Previous message: KOSAKI Motohiro: "Re: sshd segmentation fault on ia64 on 28-rc7-mmotm-081203"
In reply to: Randy Dunlap: "Re: [RFC][mmotm] Documentation update"
Messages sorted by: [ date ] [ thread ] [ subject ] [ author ]

Thanks! very helpful.

On Wed, 03 Dec 2008 21:03:22 -0800
Randy Dunlap <randy.dunlap@xxxxxxxxxx> wrote:

> KAMEZAWA Hiroyuki wrote:
> > mmotm-2008-12-03 includes memcg-explain-details-and-test-document.patch
> >
> > But it's still rough and not complete.
> > I'd like to update it to be readable becasue memcg is a blackbox for the most
> > of developpers but it has many hooks to global VM.
> >
> > If you have reuqest as "explain xxx in detail", please tell me.
> > I'll not send this out for a while.
> >
> > Of course, your own patch is welcome.
> >
> > -Kame
> >
> > ==
> > Documentation/controllers/memcg_test.txt | 216 ++++++++++++++++++++++++++-----
> > mm/memcontrol.c | 4
> > 2 files changed, 189 insertions(+), 31 deletions(-)
> >
> > Index: mmotm-2.6.28-Dec03/Documentation/controllers/memcg_test.txt
> > ===================================================================
> > --- mmotm-2.6.28-Dec03.orig/Documentation/controllers/memcg_test.txt
> > +++ mmotm-2.6.28-Dec03/Documentation/controllers/memcg_test.txt
> > @@ -1,59 +1,74 @@
> > Memory Resource Controller(Memcg) Implementation Memo.
> > -Last Updated: 2009/12/03
> > +Last Updated: 2009/12/04
>
> It's still 2008 AFAIK.
>
yes..

> > +Base Kernel Version: 2.6.28-rc7-mm.
> >
> > Because VM is getting complex (one of reasons is memcg...), memcg's behavior
> > is complex.
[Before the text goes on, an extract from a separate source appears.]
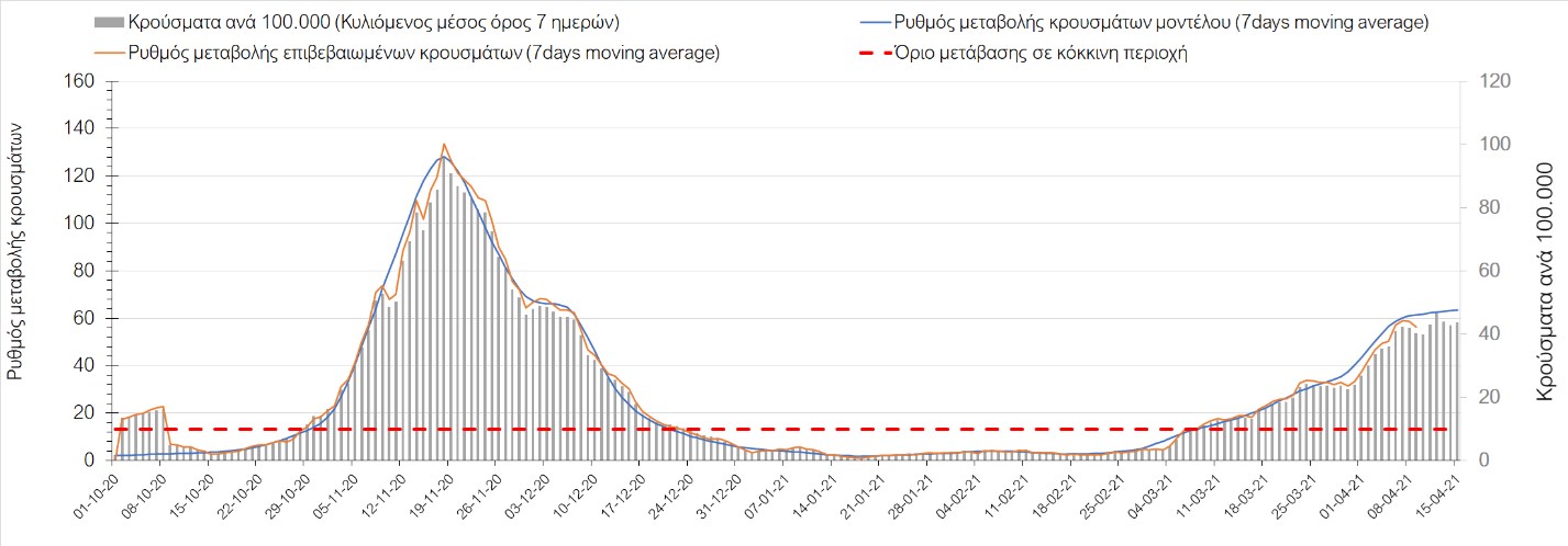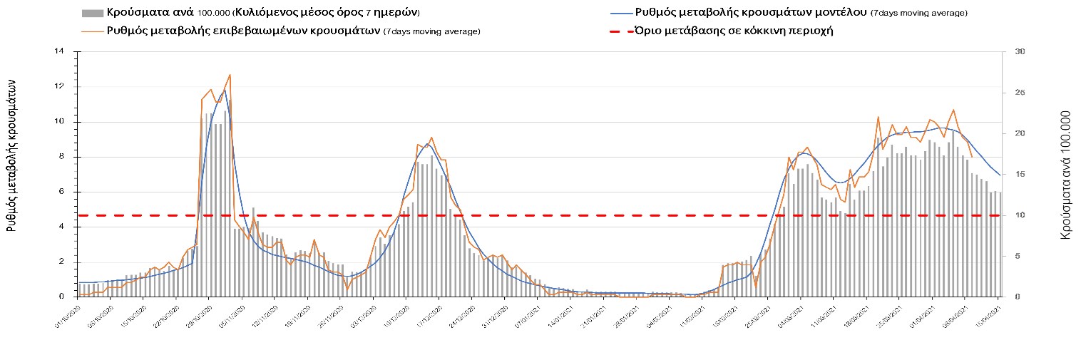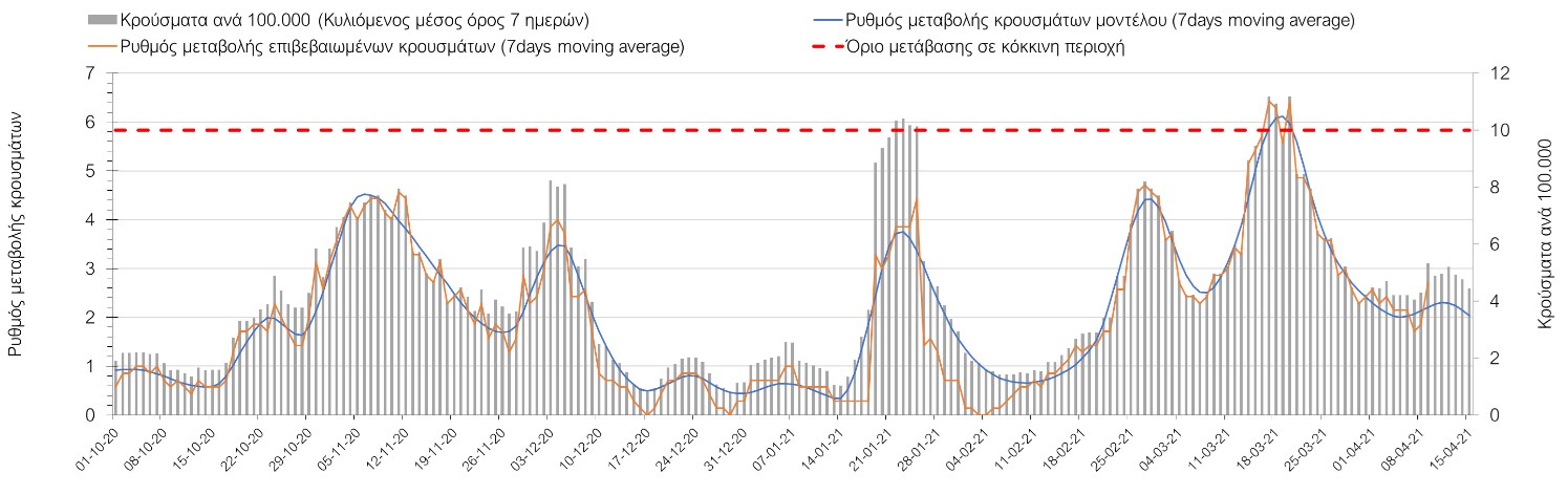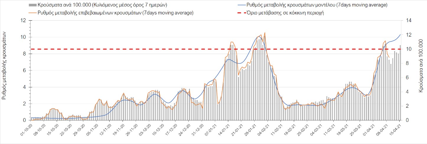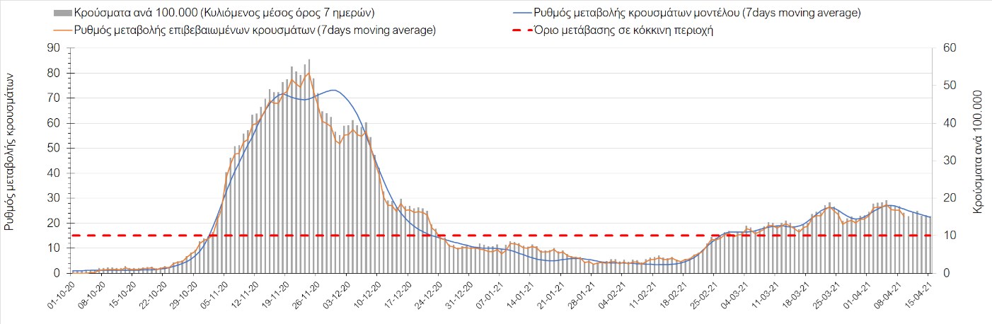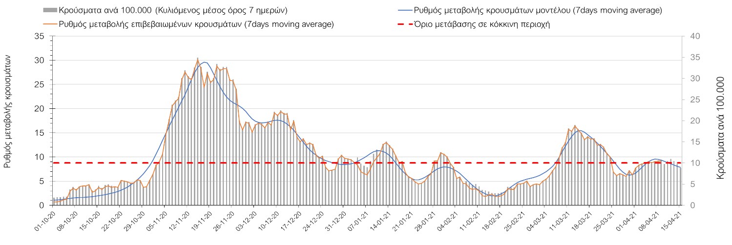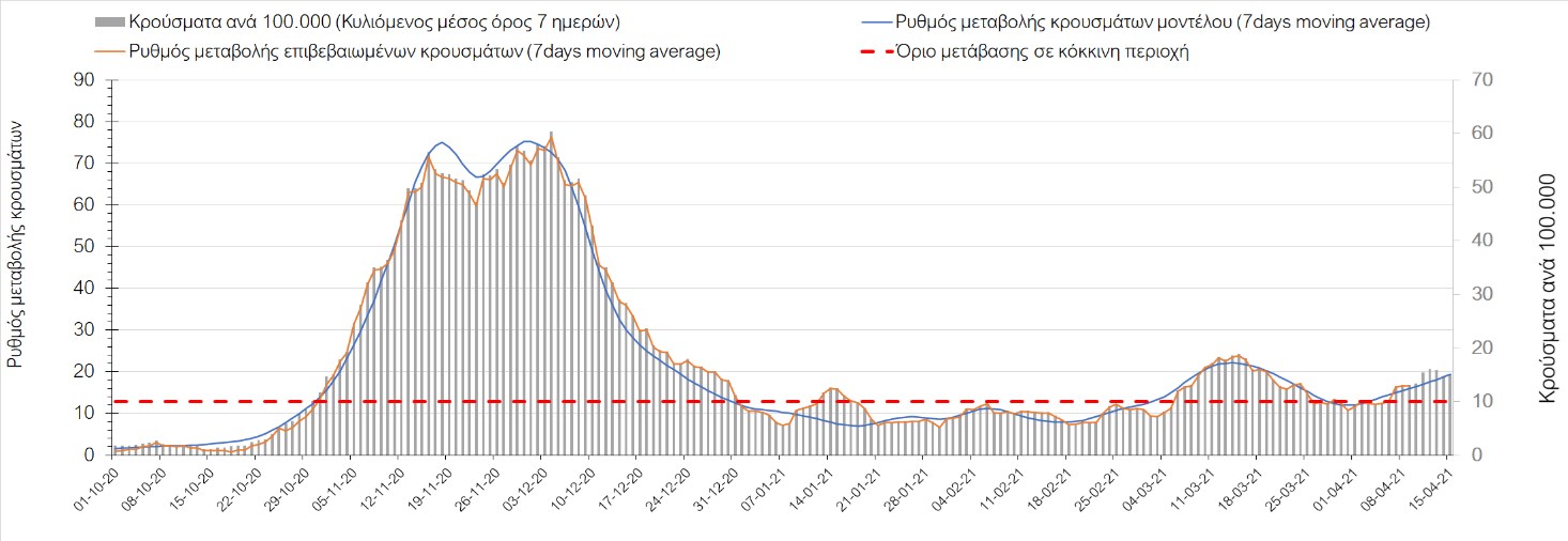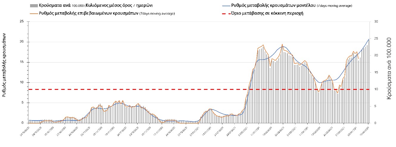 Σχήμα 49. Πορεία του ημερησίου αριθμού των κρουσμάτων (κυλιόμενος μέσος όρος 7 ημερών) στην Θάσο Συμπεράσματα:Η αύξηση που παρατηρείται πλέον στον αριθμό των ασθενών σε κρίσιμη κατάσταση (διασωληνομένοι σε ΜΕΘ), καθώς και ο αριθμός των θανάτων (αν και με κάποια μικρή απόκλιση την Παρασκευή) συνάδουν με τις προσομοιώσεις του μοντέλου CORE, όπως και ο αριθμός των κρουσμάτων, μετά και τις επικαιροποιημένες προβλέψεις προ 15 ημερών, όπου ελήφθη υπόψιν η μεγαλύτερη διασπορά των μεταλλαγμένων και ταχύτερα μεταδιδόμενων στελεχών. Σε πανελλαδικό επίπεδο ο κυλιόμενος εβδομαδιαίος μέσος όρος του δείκτη θετικότητας διαμορφώθηκε στο 6,8% (η ημερήσια τιμή ήταν την Παρασκευή4,8%) ενώ ο κυλιόμενος εβδομαδιαίος μέσος όρος του πραγματικού αριθμού αναπαραγωγής Rt (δηλαδή ο αριθμός των ατόμων που ένας φορέας μπορεί να επιμολύνει) διαμορφώθηκε στο 1,05 (τιμές του Rt πάνω από τη μονάδα υποδηλώνουν καθαρή αύξηση της διασποράς του ιού στην κοινότητα). Αξίζει να σημειωθεί ότι είναι η πρώτη φορά που έχουμε ταυτόχρονη μείωση και των δύο δεικτών, γεγονός που εάν δεν οφείλεται σε αστοχία της ιχνηλάτησης των κρουσμάτων, υποδηλώνει κάμψη της ανοδικής τάσης. Όμως, με δεδομένο το άνοιγμα του λιανικού εμπορίου στις 5 Απριλίου (εκτός άπο τις περιοχές της Θεσσαλονίκης, Αχαΐας που θα πραγματοποιηθεί στις 12 Απριλίου και Κοζάνης που ακόμα παραμένει κλειστό) και των Λυκείων στις 12 Απριλίου, είναι ακομα πιο σημαντική η τήρηση των μέτρων, ενώ ύψιστης σημασίας στις επόμενες εβδομάδες θα αποδειχθεί η ορθή και μαζική εφαρμογή των self-test, με ταυτόχρονη αύξηση της ιχνηλασίας των επαφών των ανιχνευθέντων ως θετικοί και καραντίνα 14 ημερών για τους συμπολίτες μας που θα επιβεβαιωθεί ότι είναι θετικοί στην μόλυνση με SARS-CoV-2 ακόμη και αν είναι ασυμπτωματικοί. Παρά την εφαρμογή οριζόντιων μέτρων ανάσχεσης της πανδημίας που εφαρμόσθηκαν από τα τέλη Οκτωβρίου, η πορεία της τελευταίας διαφοροποιείται από περιοχή σε περιοχή. Οι παραπάνω παρατηρήσεις τείνουν στο συμπέρασμα ότι η διαχείριση του υγειονομικού κινδύνου θα πρέπει να συνεχίσει να εξετάζεται σε τοπικό επίπεδο. Πλέον προβληματίζουν πέρα από την Αττική και τη Θεσσαλονίκη, η Αχαΐα, η Αιτωλοακαρνανία, η Εύβοια, η Βοιωτία, η Χαλκιδική, καθώς επίσης η Αρκαδία, η Ηλεία, η Αργολίδα, η Κορινιθία, η Φθιώτιδα, η Ευρυτανία, η Λάρισα, η Κοζάνη, η Καστοριά, η Καβάλα, η Χίος, το Ηράκλειο, τα Χανιά, τα Ιωάννινα, η Ημαθία, η Πέλλα, το Κιλκίς, τα Γρεβενά, η Μαγνησία, η Καρδίτσα και πλέον και το Λασίθι. Ανάγκη αυξημένης επιτήρησης έχουν το Κιλκίς, οι Σέρρες και η Πέλλα, Συνολικά, τα τεστ ανίχνευσης θα πρέπει να φτάσουν τουλάχιστον στα 120.000 και να δίνεται έμφαση στοχευμένα στις περιφερειακές ενότητες στις οποίες η δυναμική της διασποράς φαίνεται να είναι ανησυχητική για 1-2 ημέρες ώστε να ανιχνεύονται οι ασυμπτωματικοί και προσυμπτωματικοί φορείς και να σπάει η αλυσίδα μετάδοσης βάζοντάς τους σε καραντίνα. Λόγω της ανησυχίας που εγείρει η παρουσία στην κοινότητα των μεταλλαγμένων στελέχους του SARS-CoV-2 (κυρίως η βρετανική και η νοτιοαφρικανική μετάλλαξη) και προκειμένου να περιορίσουμε ή τουλάχιστον να καθυστερήσουμε την ευρεία διασπορά τους, προτείνουμε τα ακόλουθα μέτρα πριν συζητηθεί το περαιτέρω άνοιγμα εκπαιδευτικών και οικονομικών δραστηριοτήτων:– πιστή εφαρμογή του ήδη υπάρχοντος νομοθετικού πλαισίου για την τηλεργασία (όσο το δυνατόν περισσότερο, αλλ

This is a document for memcg's internal behavior and some test
> > -patterns tend to be racy.
> > +patterns tend to be racy. Please note that explanation about implementation
>
> This is a document about ... and ...
>
> This is awkward. The two "abouts" should be related or at least have the
> same phrase structure. Maybe you could just drop the "and some test patterns
> tend to be racy." ??
>
ok, thanks.

> > +details can be very old.
> >
> > -1. charges
> > +(*) Topics on API should be in Documentation/controllers/memory.txt)
> > +
> > +0. How to record usage ?
> > + 2 objects are used.
> > + page_cgroup ....an object per page.
> > + swap_cgroup ... an entry per swp_entry
> > + Both of them are allocated at boot.
>
> Allocated for all known pages and possible swap pages?
Allocated for all known pages and all swap entries found at swapon().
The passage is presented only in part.